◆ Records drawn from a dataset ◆
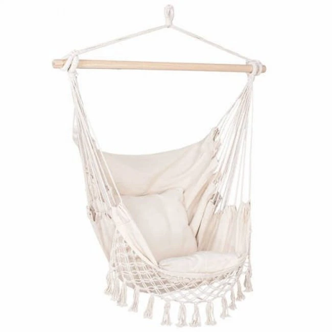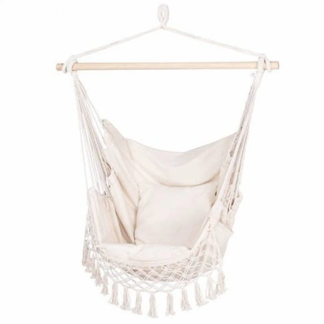 Hojdacie kreslo Brazílske s vankúšikmi 130x100cm - krémové
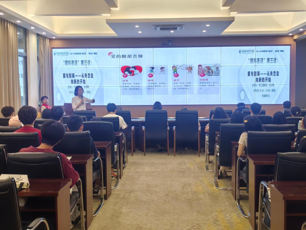 为了进一步加强大学生的恋爱观的正确树立,beat365学工部于2024年6月6日晚18:00,在大数据中心组织举行“建科夜话”第三话:爱与离别——从失恋走向新的开始专题讲座。本次讲座由学工部教师张小艳主持,有值班书记、专职辅导员以及在校学生代表90余人参与。
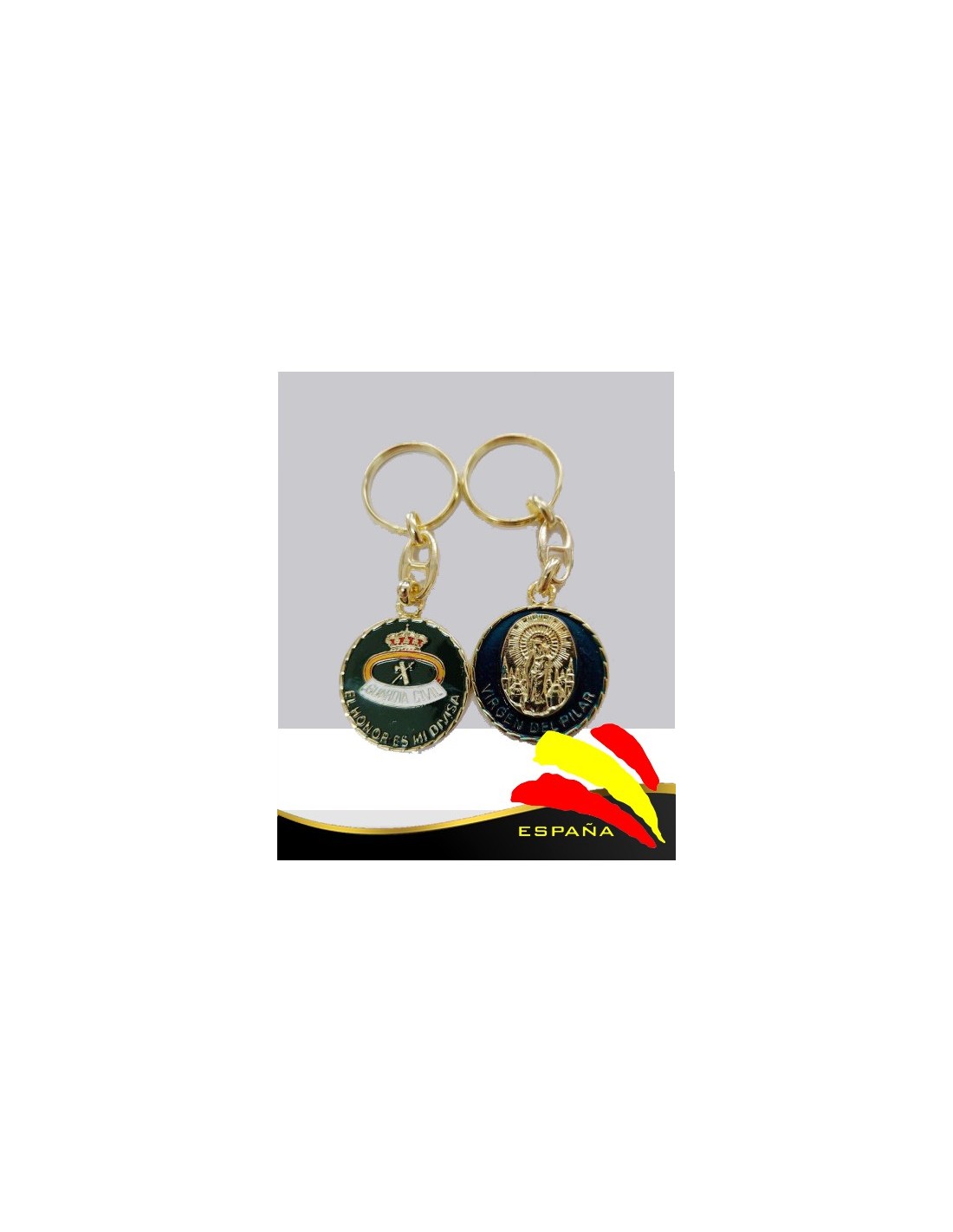 Llavero de metal doble cara con emblema de la Guardia Civil y la Virgen del Pilar. Esmaltado a todo color.
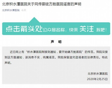 人民網(wǎng)北京2月25日電 據(jù)北京積水潭醫(yī)院官方微信公眾號(hào)消息,針對(duì)近日網(wǎng)上有“北京積水潭醫(yī)院剛接到通知,要開始建方艙醫(yī)院”的傳言,院方回應(yīng),沒接到這方面通知,該消息不實(shí),純屬謠言。
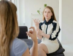 • Zwei Frauen unterhalten sich in der Gebärdensprache miteinander.
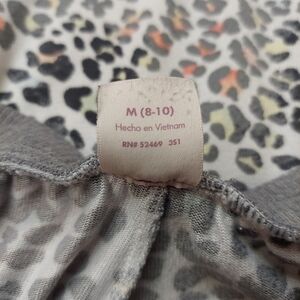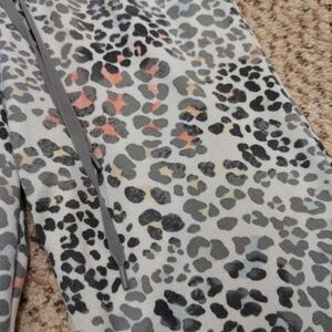 Cute pants for casual lounging or to use as pajama pants. White fabric with a rainbow leopard print with a gray waistband and drawstring.
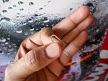 - Petit morceau de métal recourbé servant à accrocher ou attacher quelque chose.
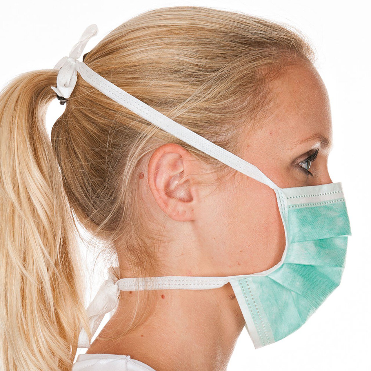 Hygostar Mundschutz PP, grün, Typ II, 3-lagig, Bindebänder, VPE: 50 Stück
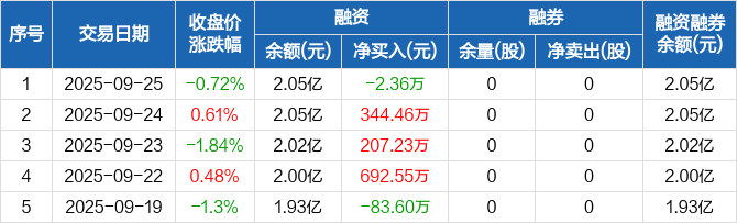 中金辐照:融资净偿还2.36万元,融资余额2.05亿元(09-25)
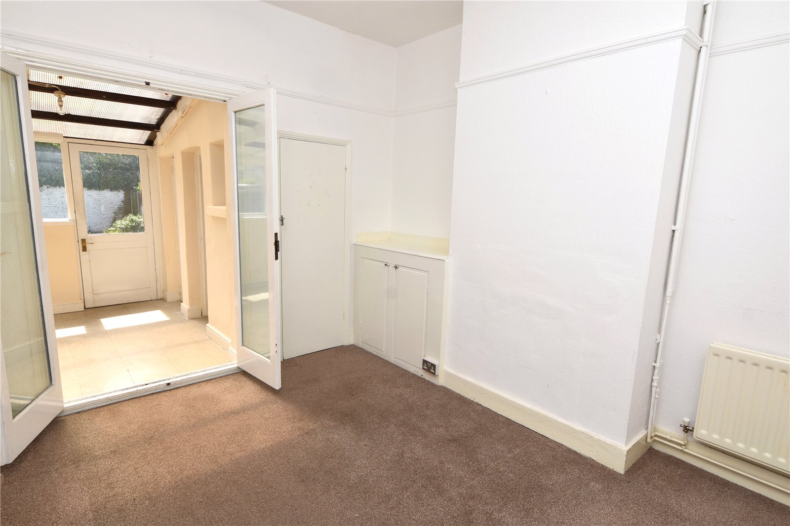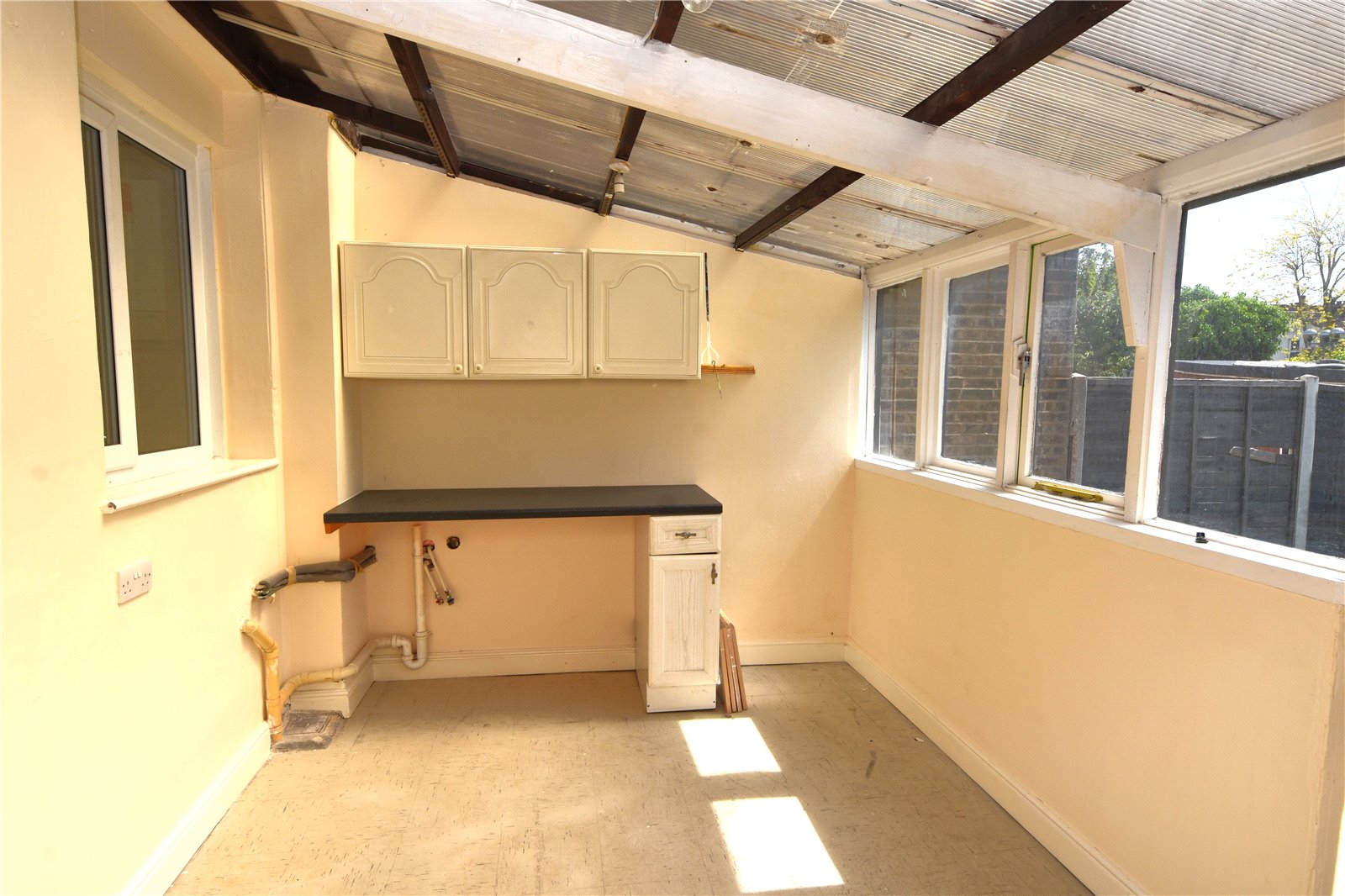 Windows to rear aspect with hardwood glazed door leading to the rear garden. Polycarbonate roofline. Fitted with range of cabinets to one aspect with under counter recess for appliances. Door to storage cupboard. Further access to recessed storage area.
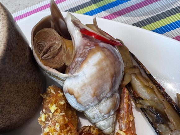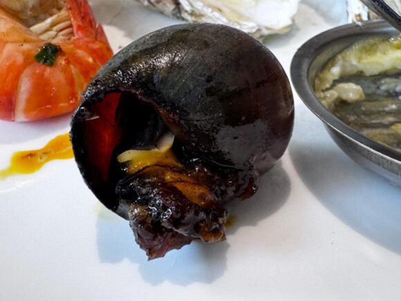 リンゴガイは、そんなに味がしっかりとある食材ではありませんが、こちらみたいに胡椒のソースやガーリック、バターなどと合わせているものがあって、結構おいしい。
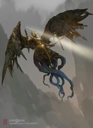 Geirdriful, Master of Arms is located in a Hidden Chamber of Odin at The Foothills in Midgard. She prefers to keep her distance and attack with projectiles, but can also perform a blinding AOE attack by slamming her wings together.

◆ WORK TO COMPLETE ◆
Restate the entries above word for word, and keep the pictures out.

◆ EXERCISE ANSWER ◆
 Hojdacie kreslo Brazílske s vankúšikmi 130x100cm - krémové
 为了进一步加强大学生的恋爱观的正确树立,beat365学工部于2024年6月6日晚18:00,在大数据中心组织举行“建科夜话”第三话:爱与离别——从失恋走向新的开始专题讲座。本次讲座由学工部教师张小艳主持,有值班书记、专职辅导员以及在校学生代表90余人参与。
 Llavero de metal doble cara con emblema de la Guardia Civil y la Virgen del Pilar. Esmaltado a todo color.
 人民網(wǎng)北京2月25日電 據(jù)北京積水潭醫(yī)院官方微信公眾號(hào)消息,針對(duì)近日網(wǎng)上有“北京積水潭醫(yī)院剛接到通知,要開始建方艙醫(yī)院”的傳言,院方回應(yīng),沒接到這方面通知,該消息不實(shí),純屬謠言。
 • Zwei Frauen unterhalten sich in der Gebärdensprache miteinander.
 Cute pants for casual lounging or to use as pajama pants. White fabric with a rainbow leopard print with a gray waistband and drawstring.
 - Petit morceau de métal recourbé servant à accrocher ou attacher quelque chose.
 Hygostar Mundschutz PP, grün, Typ II, 3-lagig, Bindebänder, VPE: 50 Stück
 中金辐照:融资净偿还2.36万元,融资余额2.05亿元(09-25)
 Windows to rear aspect with hardwood glazed door leading to the rear garden. Polycarbonate roofline. Fitted with range of cabinets to one aspect with under counter recess for appliances. Door to storage cupboard. Further access to recessed storage area.
 リンゴガイは、そんなに味がしっかりとある食材ではありませんが、こちらみたいに胡椒のソースやガーリック、バターなどと合わせているものがあって、結構おいしい。
 Geirdriful, Master of Arms is located in a Hidden Chamber of Odin at The Foothills in Midgard. She prefers to keep her distance and attack with projectiles, but can also perform a blinding AOE attack by slamming her wings together.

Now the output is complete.